The policy that keeps on failing
Campaign to End the Death Penalty, looks at a study that exposes the consequences of the politicians' "tough on crime" hysteria., national director of the
ONE IN every 31 adults in the U.S. is in prison or jail or on parole or probation. That's 7.3 million people--or more than the populations of Chicago, Philadelphia, San Diego and Dallas put together.
These statistics--from a study released by the Pew Center on the States titled "One in 31: The Long Reach of American Corrections"--are the consequence of this country's 30 years of tough-on-crime policies.
Not surprisingly, the "long reach" doesn't reach everybody evenly--African Americans suffer the brunt of the system. According to Pew study, one in 11 African American adults are under the control of the corrections system, compared with one in 27 Latinos and one in 45 whites. Southern states continue to have the highest incarceration rates.
And while the U.S. incarcerates its population in staggering numbers compared to other industrialized countries, its crime rates aren't lower. On the contrary, they are higher, especially violent crime rates.
The astronomical growth in incarceration began in the 1970s and has continued to the present day, largely as a result of "tough on crime" policies implemented by political leaders who found this appeal to be helpful in winning elections. As the social movements of the 1960s and early 1970s faded, this rhetoric took hold and was manifested in policies that required stiffer and longer sentences for any crime.
One aspect was the "war on drugs," which imposed harsh punishments on nonviolent drug offenders. According to an article in the New England Journal of Medicine, by 1994, the drug war was responsible for sending 1 million Americans to prison every year.
Meanwhile, harsh sentencing policies took their toll. California introduced a "three strikes and you're out" law, which required that anyone convicted of any third felony, no matter how petty, be sentenced to 25 years to life sentence--the policy quickly spread to other states. Federal parole was eliminated in the 1980s, and most states passed mandatory minimum sentencing laws, making it impossible for judges to impose a lighter sentence or divert someone into treatment rather than prison.
These are the reasons why the U.S. prison population took off--not, as some might imagine, because of an increase in crime. As the Pew study notes:
The explosive prison growth of the past 30 years didn't happen by accident and wasn't driven primarily by crime rates or broad social and economic forces beyond the reach of state government.
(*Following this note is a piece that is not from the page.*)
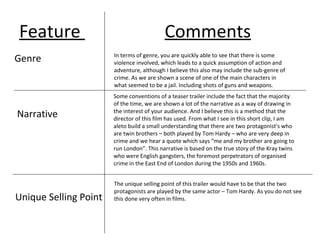 The teaser trailer is for the film "Legend" about the Kray twins, English gangsters in 1950s-60s London. It establishes the crime and action genre through scenes of violence and weapons. The narrative introduces the twin protagonists played by Tom Hardy, who say they will "run London". Unique is having one actor play twins. The target audience is males aged 16-25 but also older people interested in the 1960s era. Old-fashioned music sets the time period. Shots include close-ups of characters' faces and suits to show their appearance and wealth. The pace and action increase throughout, building excitement. The only dialogue is one twin saying they will rule London. There is no voiceover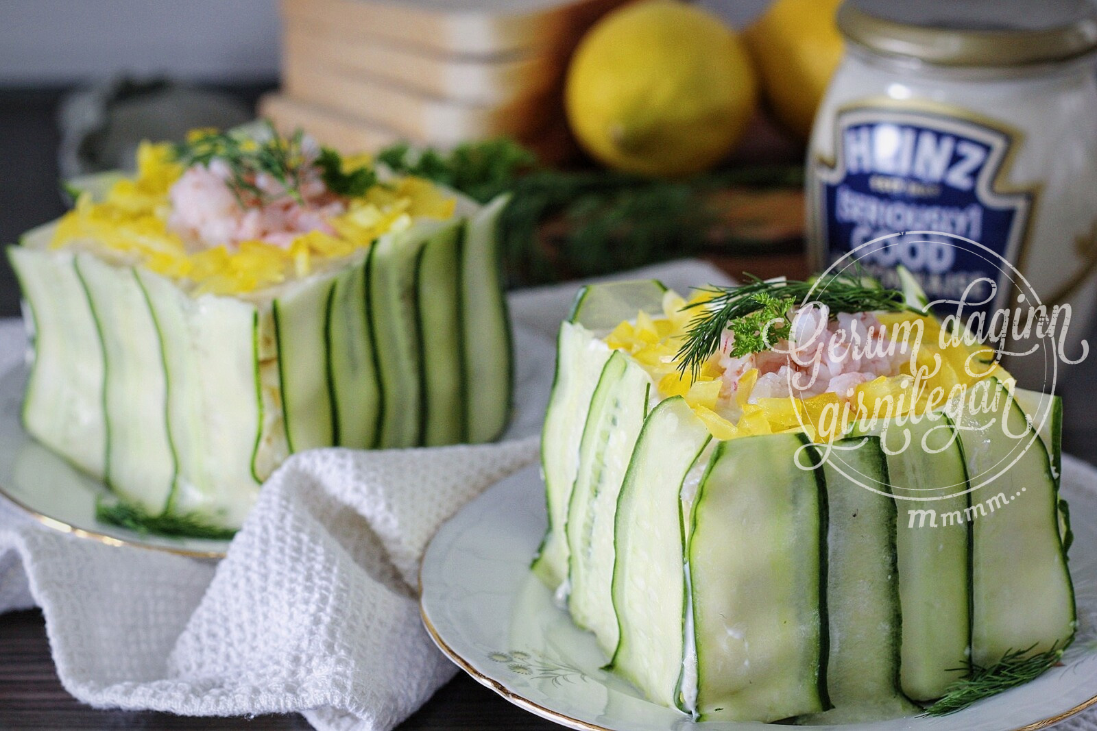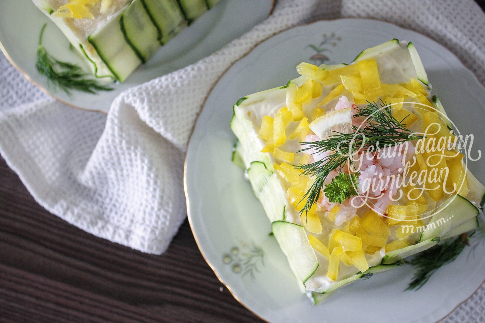 6 – Skerið agúrku í sneiðar og raðið utan um brauðterturnar. Annars er hægt að skreyta þær með hverju sem ykkur dettur í hug. Ég notaði agúrkur, saxaðar rækjur, ferskt dill og saxaða gula papriku.

It was the direct result of sentencing, release and other correctional policies that determine who goes to prison and how long they stay.
THE PEW study also points out that states are paying the price--literally--for these unjust policies.
According to the study, state government spending on corrections outpaced other essential government services, from education to transportation to public assistance--only Medicaid spending grew faster. "States spent a record $51.7 billion on corrections in 2008, or one in every 15 general fund dollars," the study reports. "Adding local, federal and other funding brings the national correctional spending total to $68 billion."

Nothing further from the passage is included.